Cabe preguntarse: ¿cómo un movimiento de protesta que parecía como muchos otros de los que se repiten en calles de Paris, se convirtió en un movimiento nacional que atrajo cientos de miles de personas de todas las ideologías, partidos, credos y condiciones en unos cuantos días? ¿Y por qué este movimiento, aparentemente desarticulado, ha estado cerca de desestabilizar y aún derribar un Gobierno que inició con un inmenso respaldo social? La respuesta es la falta de conexión de Macron con las auténticas preocupaciones de la población presa de la angustia económica.

Macron, de 40 años, fue electo en medio del reclamo para cambiar el rostro de la política francesa, aumentar los salarios y generar bienestar. En la elección de 2017 los franceses votaron por un líder diferente, joven, sin un partido definido que ofrecía soluciones prácticas. No hay que olvidar que desde 1984 se habían aplicado reformas para reducir el estado de bienestar que económicamente parecía insostenible. El resultado fue la desconfianza en los políticos de derecha y de izquierda quienes se enfocaban a producir resultados en la esfera macroeconómica y dejaban de lado la realidad cotidiana de las familias ordinarias que veían reducidos los apoyos sociales. Macron leyó adecuadamente el escenario y se desmarcó del perfil tradicional y ganó al proponer con un tono positivo un nuevo orden del mundo. Al enfrentarse a la extrema derecha acentuó su perfil como moderado y atrajo votos de toda la geografía y las formaciones. Sin embargo, en el ejercicio del Gobierno sus actitudes se alejaron de la gente ordinaria y la luna de miel en pocos meses se ha convertido en lucha social. Resulta preocupante que 11 millones de personas votaron por la extrema derecha en 2017 y se mantiene con enorme vigor. Los chalecos amarillos son un movimiento que une a personas de la llamada alt-right con indiferentes y agitadores de extrema izquierda. Lo que tienen en común es que son ciudadanos ordinarios que no llegan en paz al fin del mes. Que se han contenido la rabia y ahora la dejan salir.

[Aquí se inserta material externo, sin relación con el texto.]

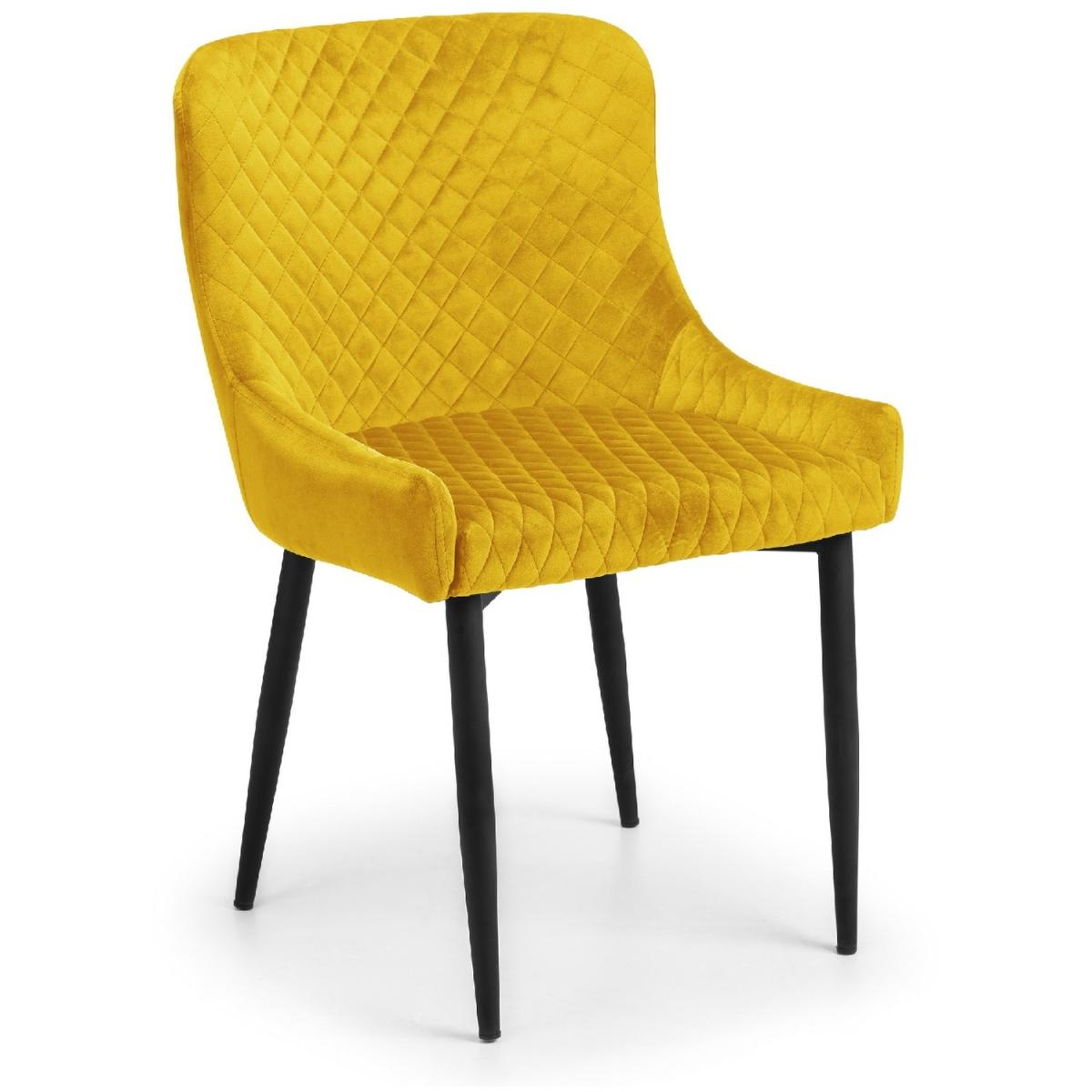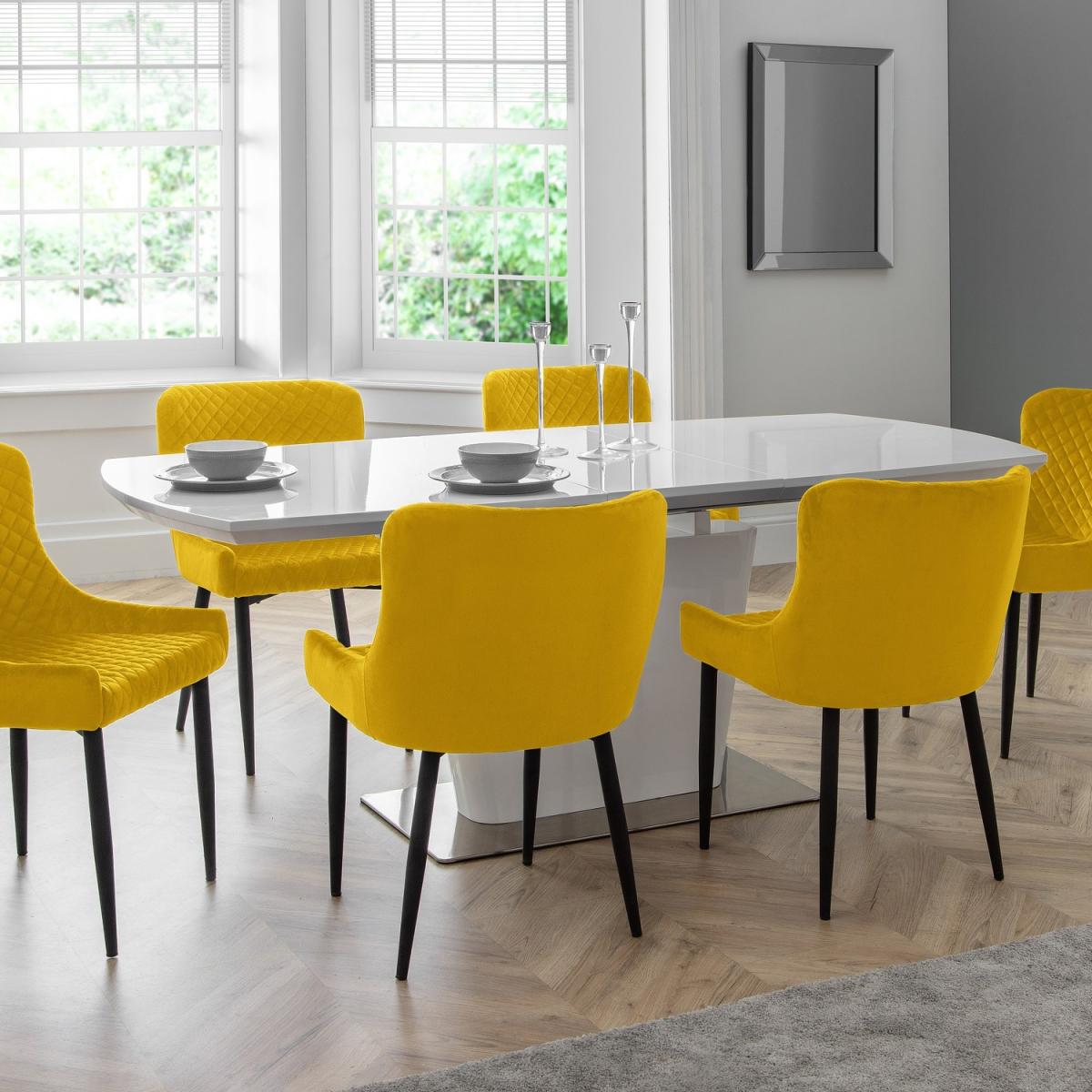 This dining set is a stylish choice for contemporary interiors, especially those with a minimalist or modern aesthetic. The high gloss white surface of the table adds a sleek and fresh feel, making it perfect for bright, open kitchens or dining rooms. The luxe yellow chairs bring a pop of colour and personality, which works well in both muted neutral spaces or more vibrant settings. Practical styling tips include pairing it with simple tableware to let the colours stand out, and adding textured or patterned cushions to the chairs for extra comfort and visual interest. This set is versatile enough to fit in casual family spaces or more formal dining areas, giving it plenty of styling potential.

La facilidad como surgen y se disuelven los movimientos sociales es el reto principal de las formaciones políticas. Ahora las personas exigen resultados a sus expectativas de forma inmediata. Digamos que la paciencia social se ha gastado. Las personas que nunca vemos porque viven una rutina de trabajo, repentinamente se aparecen y conocemos otros rostros en las calles.

Es difícil saber qué pasará con este movimiento, pero ya ha dado muestras de cómo las comunidades se organizan transversalmente sin necesidad de estructuras formales y aun sin liderazgos visibles.

Y llama la atención que esto suceda en una de las naciones con más desarrollo social de Occidente, cuyas instituciones de salud, educación, seguridad social y organización laboral han servido de modelo para muchos. Pareciera que vivimos una lucha entre el capitalismo meritocrático y la exigencia de justicia en el sentido más amplio.

Vivimos un desafío entre los mercados y la democracia; entre la productividad y la equidad, entre el individualismo y la solidaridad. El punto de equilibrio parece esconderse.